8. Il résulte de ce qui précède que M. A... est fondé à demander la suspension de l’exécution de la décision implicite par laquelle le préfet de police a refusé de lui délivrer un document de voyage pour réfugié.

Sur les conclusions à fin d’injonction et d’astreinte :

9. Aux termes de l’article L. 511-1 du code de justice administrative : « Le juge des référés statue par des mesures qui présentent un caractère provisoire (…) ». Il appartient au juge des référés d’assortir sa décision de suspension des seules obligations provisoires qui en découlent pour l’administration.

10. L’exécution de la présente ordonnance implique seulement qu’il soit enjoint au préfet territorialement compétent de réexaminer la demande de M. A..., et, en cas de décision favorable, de lui remettre, à titre provisoire, un titre de voyage pour réfugié, ou, à défaut, tout document provisoire lui permettant de voyager à l’étranger dans l’attente de la remise de ce titre de voyage ou du jugement au fond. Il convient d’enjoindre au préfet territorialement compétent de procéder à ce réexamen dans un délai de cinq jours à compter de la notification de la présente ordonnance. Il n’y a toutefois pas lieu d’assortir cette injonction d’une astreinte.

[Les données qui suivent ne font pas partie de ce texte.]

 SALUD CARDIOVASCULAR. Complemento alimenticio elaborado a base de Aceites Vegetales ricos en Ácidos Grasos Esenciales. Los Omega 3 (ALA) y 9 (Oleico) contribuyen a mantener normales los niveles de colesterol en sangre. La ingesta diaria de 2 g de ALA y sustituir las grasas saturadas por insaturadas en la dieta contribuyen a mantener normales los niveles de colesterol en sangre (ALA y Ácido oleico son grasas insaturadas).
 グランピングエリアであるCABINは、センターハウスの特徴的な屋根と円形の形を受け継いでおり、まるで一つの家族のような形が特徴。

Sur les frais liés à l’instance :

11. M. A... est admis par la présente ordonnance au bénéfice de l’aide juridictionnelle. Dans ces conditions son avocat peut se prévaloir des dispositions de l’article 37 de la loi du
10 juillet 1991. Il y a lieu, dans les circonstances de l’espèce, de mettre à la charge de l’État la somme de 800 euros à verser à Me Kodmani en application des dispositions de l’article 37 de la loi du 10 juillet 1991 et de l’article L. 761-1 du code de justice administrative, sous réserve de renonciation de sa part à la part contributive de l’Etat au titre de l’aide juridictionnelle. Dans l’hypothèse où M. A... ne serait pas admis à titre définitif au bénéfice de l’aide juridictionnelle, la somme de 800 euros lui sera versée sur le fondement de l’article L. 761-1 du code de justice administrative.

O R D O N N E :


Article 1er : L’exécution de la décision implicite par laquelle le préfet de police a refusé de délivrer à M. A... un document de voyage pour réfugié est suspendue.

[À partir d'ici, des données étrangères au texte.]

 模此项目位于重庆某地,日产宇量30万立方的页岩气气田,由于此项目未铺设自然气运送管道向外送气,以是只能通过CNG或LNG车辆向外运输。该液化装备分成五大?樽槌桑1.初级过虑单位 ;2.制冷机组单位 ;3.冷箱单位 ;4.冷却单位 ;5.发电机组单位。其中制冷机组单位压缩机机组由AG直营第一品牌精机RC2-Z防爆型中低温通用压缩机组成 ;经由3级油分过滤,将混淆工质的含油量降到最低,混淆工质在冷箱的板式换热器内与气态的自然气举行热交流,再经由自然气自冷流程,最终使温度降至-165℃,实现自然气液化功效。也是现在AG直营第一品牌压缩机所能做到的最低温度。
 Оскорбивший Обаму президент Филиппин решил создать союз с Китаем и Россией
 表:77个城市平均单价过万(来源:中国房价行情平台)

Article 2 : Il est enjoint au préfet territorialement compétent de réexaminer la demande de M. A... et, en cas de décision favorable, de lui remettre, à titre provisoire, un titre de voyage pour réfugié, ou, à défaut, tout document provisoire lui permettant de voyager à l’étranger dans l’attente de la remise de ce titre de voyage ou du jugement au fond, dans un délai de cinq jours à compter de la notification de la présente ordonnance.

Article 3 : L’Etat versera la somme de 800 euros à Me Kodmani en application de l’article L. 761-1 du code de justice administrative et de l’article 37 de la loi du 10 juillet 1991, sous réserve de renonciation de sa part à la part contributive de l’Etat au titre de l’aide juridictionnelle. Dans l’hypothèse où M. A... ne serait pas admis à titre définitif au bénéfice de l’aide juridictionnelle, la somme de 800 euros lui sera versée sur le fondement de l’article L. 761-1 du code de justice administrative.

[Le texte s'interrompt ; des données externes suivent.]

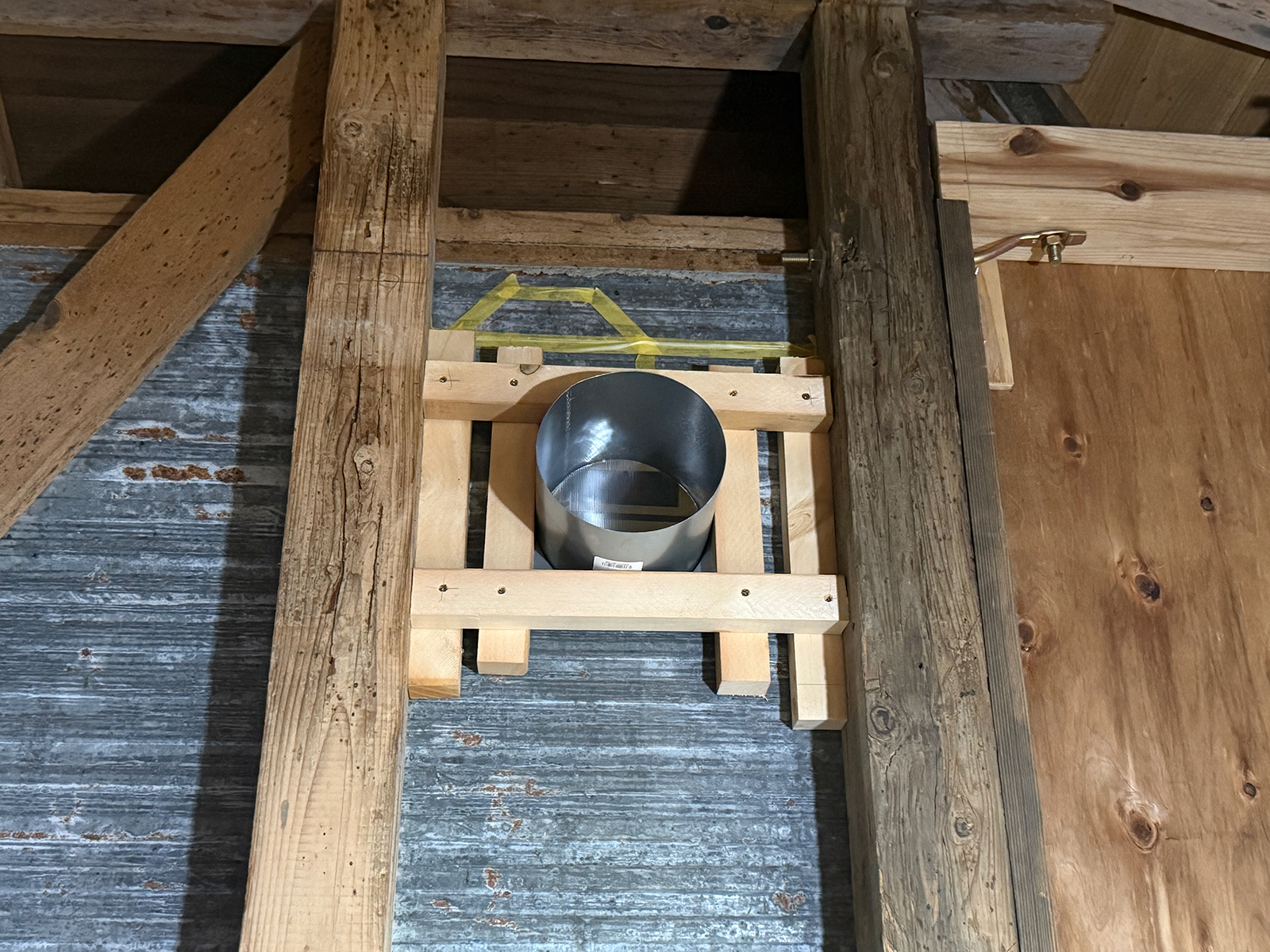 朝一で、暑いけど、ヤッケ姿で左の新換気扇の穴あけ(; ̄ー ̄川

Article 4 : Le surplus des conclusions de la requête de M. A... est rejeté.

Article 5 : La présente ordonnance sera notifiée à M. B... A... et au ministre de l’intérieur.

Copie en sera adressée au préfet de police.

Fait à Paris, le 5 mars 2026.


Le juge des référés,



F. SOBRY


La République mande et ordonne au ministre de l’intérieur en ce qui le concerne ou à tous commissaires de justice à ce requis en ce qui concerne les voies de droit commun contre les parties privées, de pourvoir à l’exécution de la présente ordonnance.